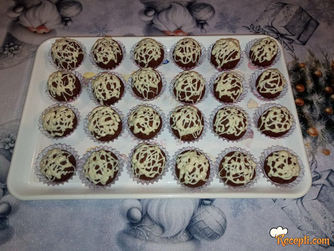 Od smese praviti kuglice i ređati u papirnim korpicama. Čokoladu otopiti i preliti preko kuglica. Vratiti na kratko u frižideru da se čokolada stegne. Poslužiti i uživati u ukusu. Prijatno.
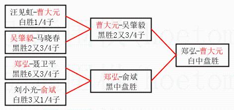 1.曹大元获得冠军,郑弘获得亚军。决赛比分:曹大元1:0郑弘。棋局:
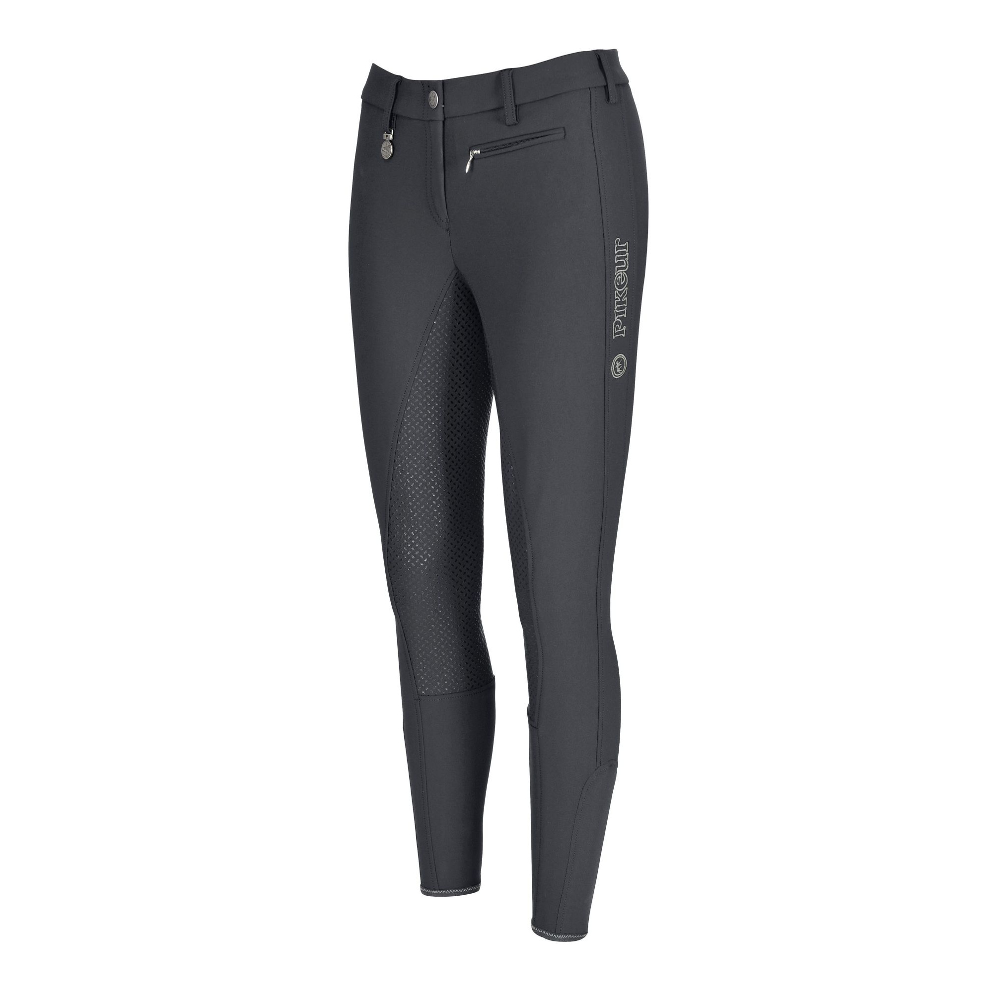 A bal lábon egy dísszel van ellátva, márkalogó formájában és az övbujtató hurok mellett fém kitűző, szintén Pikeur logóval. Cipzáros zsebük van.
_ _ _ _
Your instructions:
Once the pictures have been removed, reproduce each line of the material above exactly.

Solution to this problem:
 Od smese praviti kuglice i ređati u papirnim korpicama. Čokoladu otopiti i preliti preko kuglica. Vratiti na kratko u frižideru da se čokolada stegne. Poslužiti i uživati u ukusu. Prijatno.
 1.曹大元获得冠军,郑弘获得亚军。决赛比分:曹大元1:0郑弘。棋局:
 A bal lábon egy dísszel van ellátva, márkalogó formájában és az övbujtató hurok mellett fém kitűző, szintén Pikeur logóval. Cipzáros zsebük van.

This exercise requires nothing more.